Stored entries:
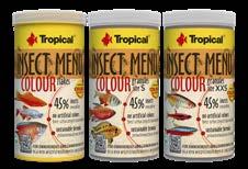 Wybarwiający pokarm dla wszystkożernych i mięsożernych ryb akwariowych na bazie trzech owadów: hermetii (15%), jedwabnika (15%) i mącznika młynarka (15%), z formułą Tropical’s Colour Booster. Pokarm dostępny jest w formie płatków oraz granulatu w rozmiarze S i XXS.
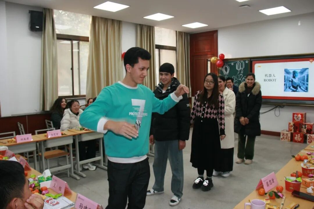 院长石洛祥、党总支书记李小玲、党总支副书记王钰、副院长贾泽林、副院长孙建伟与来自多个国家的留学生及中国学生代表欢聚一堂,共迎新春佳节。
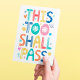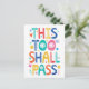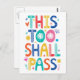 e someone to hang in therwith this decorful typographiy design featuring the message, "This Too Shall Pass." Type is accented with bright and cheerful floral, star, and butterfly icons. Inside can be customized to fit your needs.
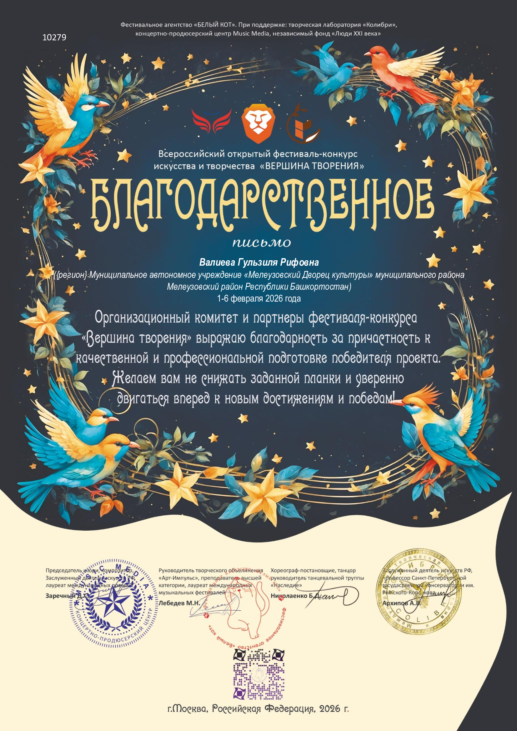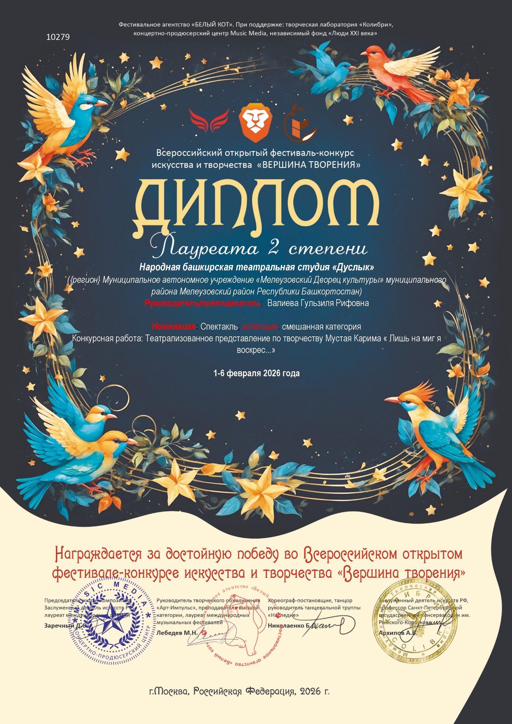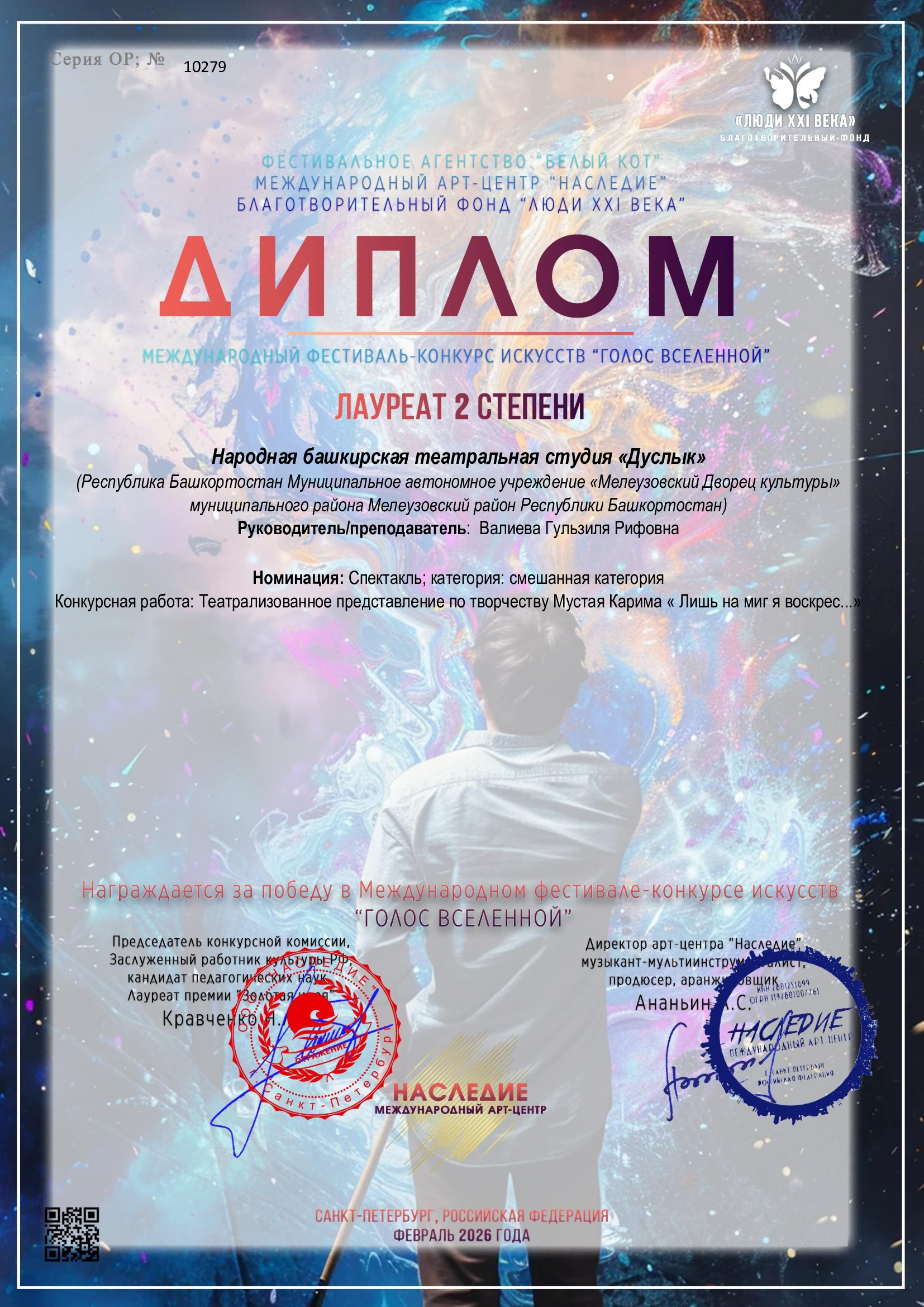 С огромной гордостью сообщаем о блистательном успехе народной башкирской театральной студии "Дуслык" на фестивале "Арт Глобал Фест"! Наши талантливые артисты покорили сердца жюри, завоевав почетное звание Лауреатов II Степени! Театрализованное представление по произведениям великого Мустая Карима, под названием "Лишь на миг я воскрес...", стало настоящим шедевром! Эта победа - заслуга невероятного и преданного своему делу руководителя Валиевой Гульзили Рифовны! Гульзиля Рифовна, Вы - вдохновитель и наставник, раскрывающий таланты и ведущий своих подопечных к вершинам успеха! Ваша любовь к искусству и умение создавать волшебство - бесценны!
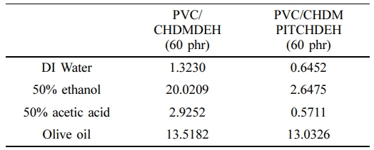p-PVC 시편의 가소제 이행성 평가. 합성한 2종의 가소제가 적용된 필름형 p-PVC를 사용하여 용매 및 열에 의한 이행 특성을 분석하였다. Table 5 및 6에 p-PVC로부터 가소제의 용매에 대한 이행 정도에 대한 측정값, 그리고 p-PVC로부터 가소제의 열에 의한 이행성 측정값을 나타내었다. 다양한 용매에 의한 p-PVC에서의 가소제의 내이행성은 CHDMPITCHDEH가 CHDMDEH보다 더 좋은 특성을 보였으며, 열에 의한 p-PVC에서의 가소제의 내이행성도 용매에 의한 이행 특성 분석 결과와 동일하게 CHDM PITCHDEH가 CHDMDEH보다 더 좋은 특성을 보여주었다.
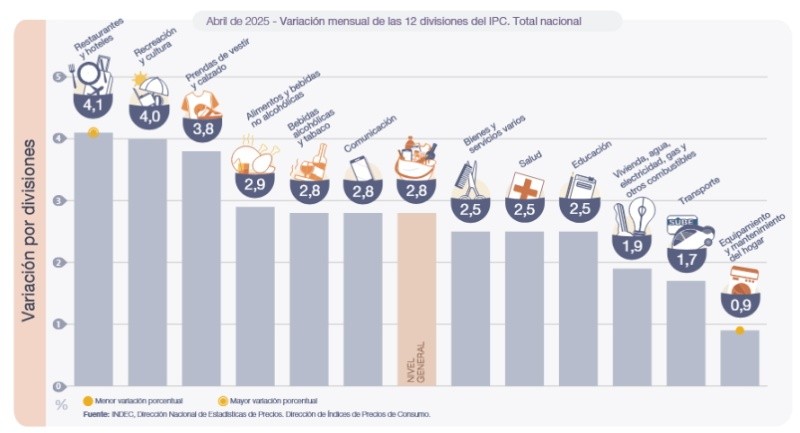Por su parte, las dos divisiones que registraron las menores variaciones en abril de 2025 fueron Transporte (1,7%) y Equipamiento y mantenimiento del hogar (0,9%).
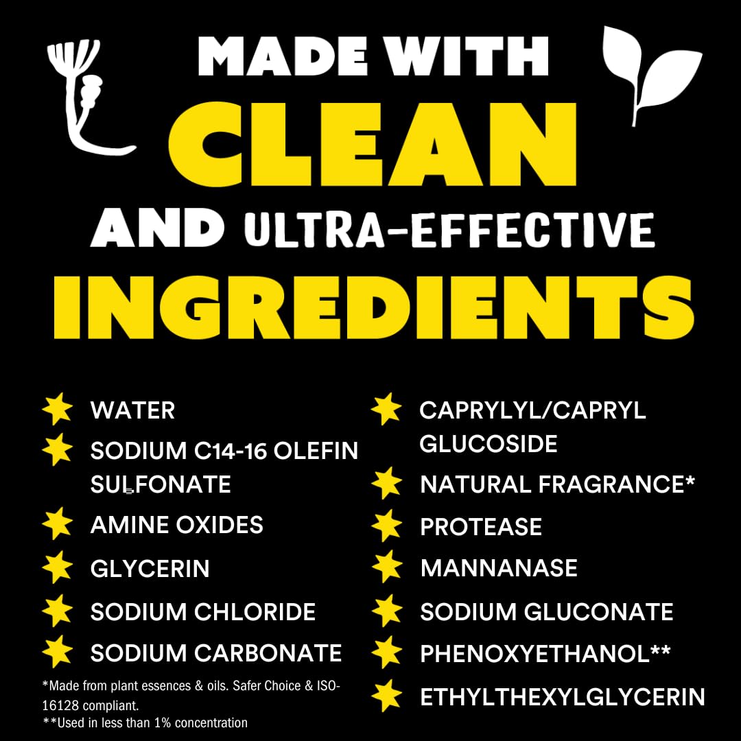 • Developed by a pediatric nurse & mom and made with simple, effective ingredients, Molly's Suds harnesses the power of plant-based surfactants and active enzymes to deeply penetrate fibers, removing soil, dirt, oil, and stains with ease.
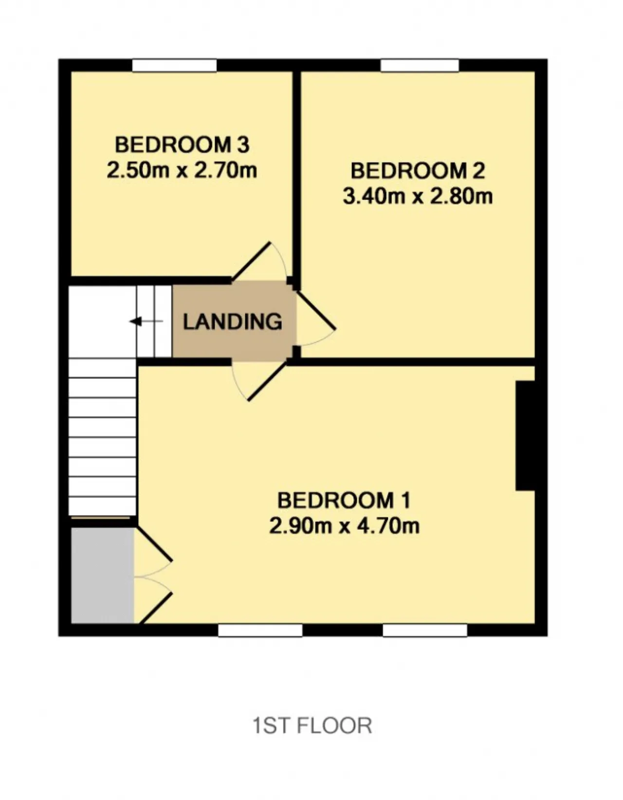 Bedroom 3 2.5m x 2.7m Double bedroom overlooking the garden with carpet floor.
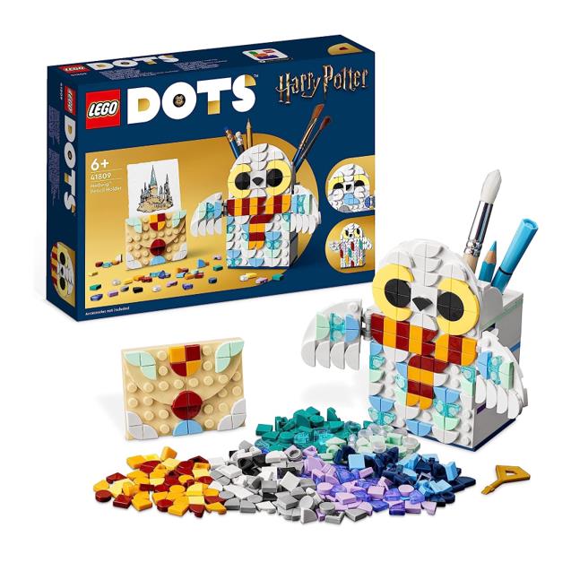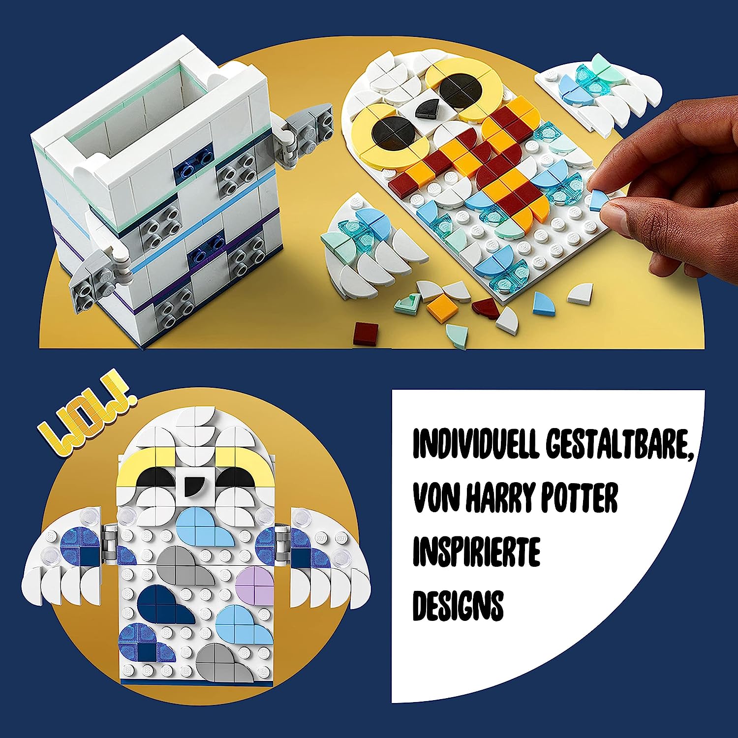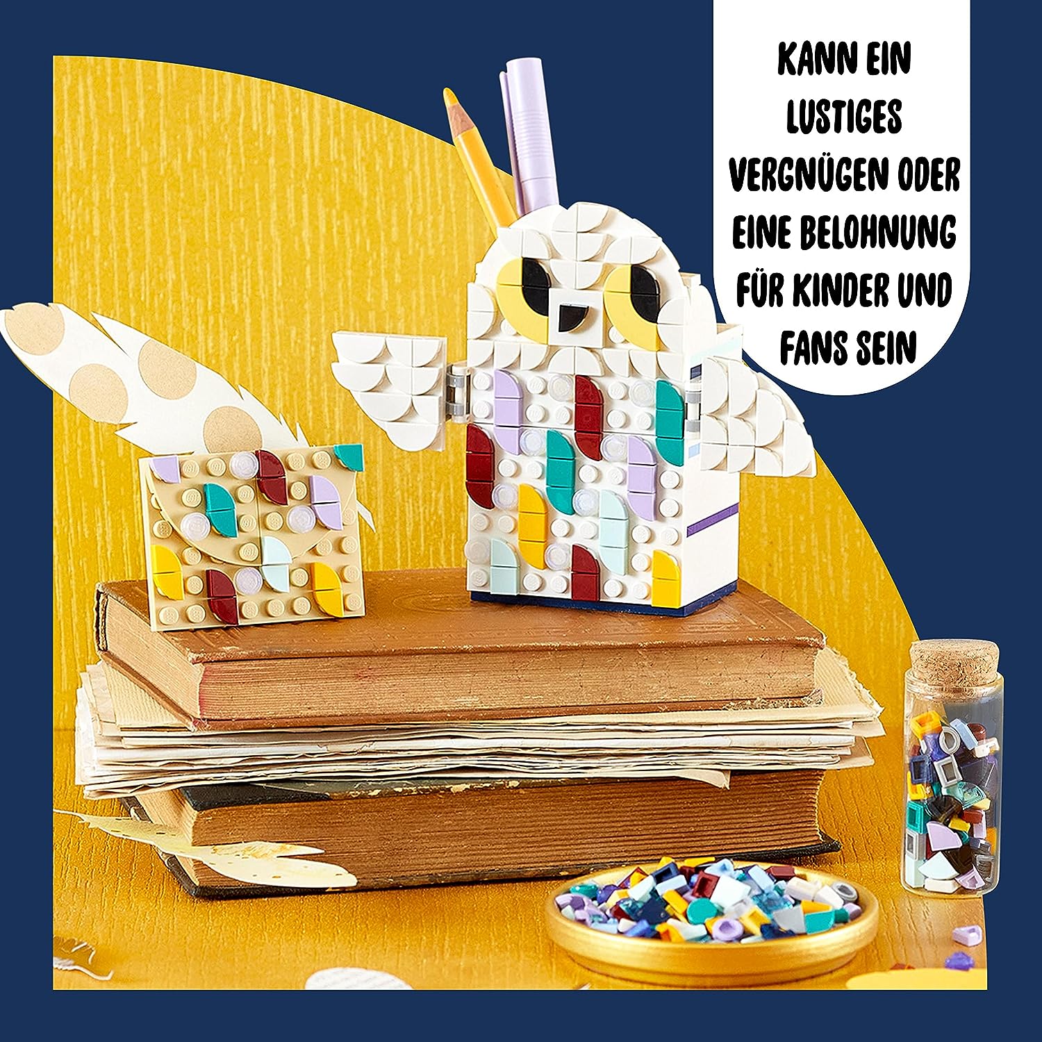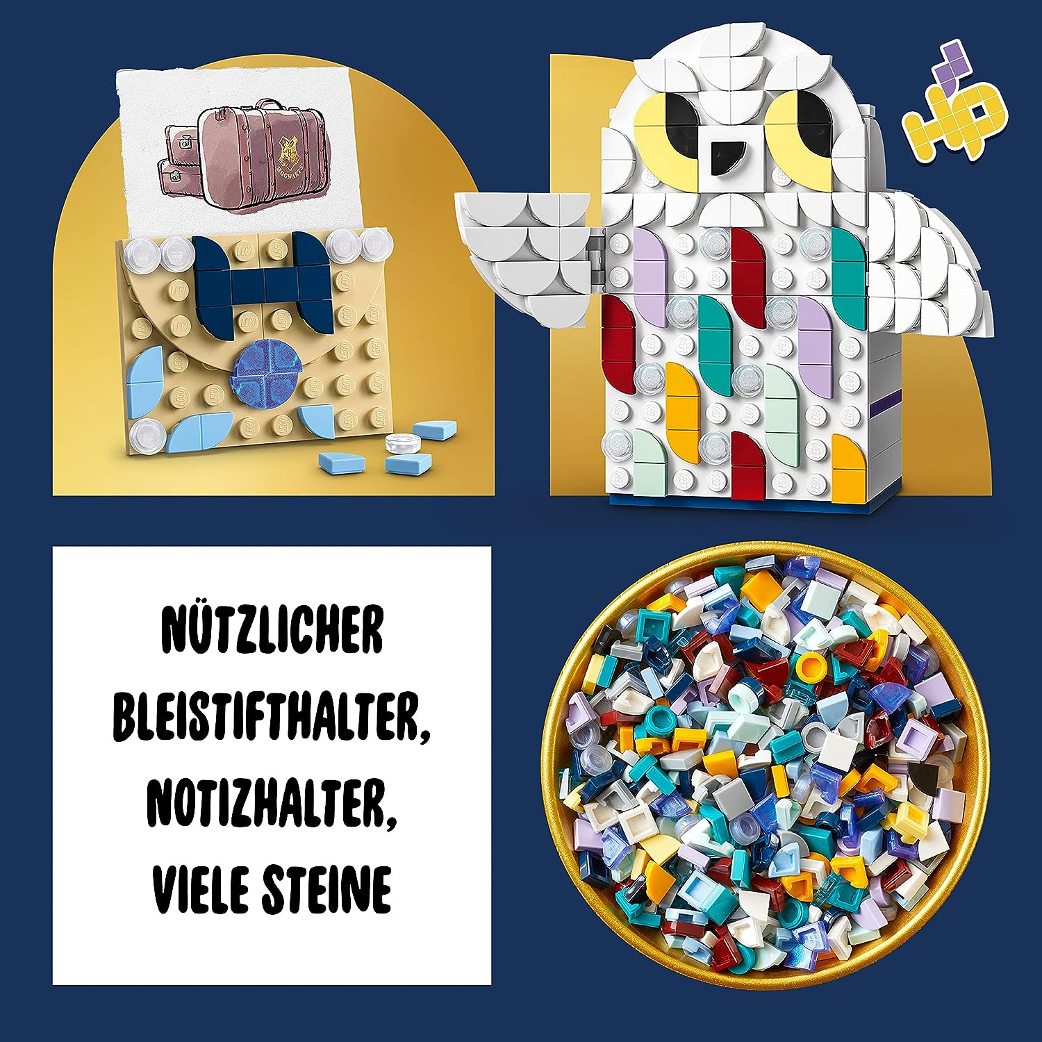 - Das LEGO DOTS Harry Potter Spielzeug enthält einen Bleistift-Topf in Form der Eule Hedwig sowie einen Zettelhalter und viele Steine

EXERCISE:
Copy out, exactly and without pictures, each line from the one containing "Bedroom 3 2.5m" through the final line of the entries, both ends included.

PROBLEM SOLUTION:
 Bedroom 3 2.5m x 2.7m Double bedroom overlooking the garden with carpet floor.
 - Das LEGO DOTS Harry Potter Spielzeug enthält einen Bleistift-Topf in Form der Eule Hedwig sowie einen Zettelhalter und viele Steine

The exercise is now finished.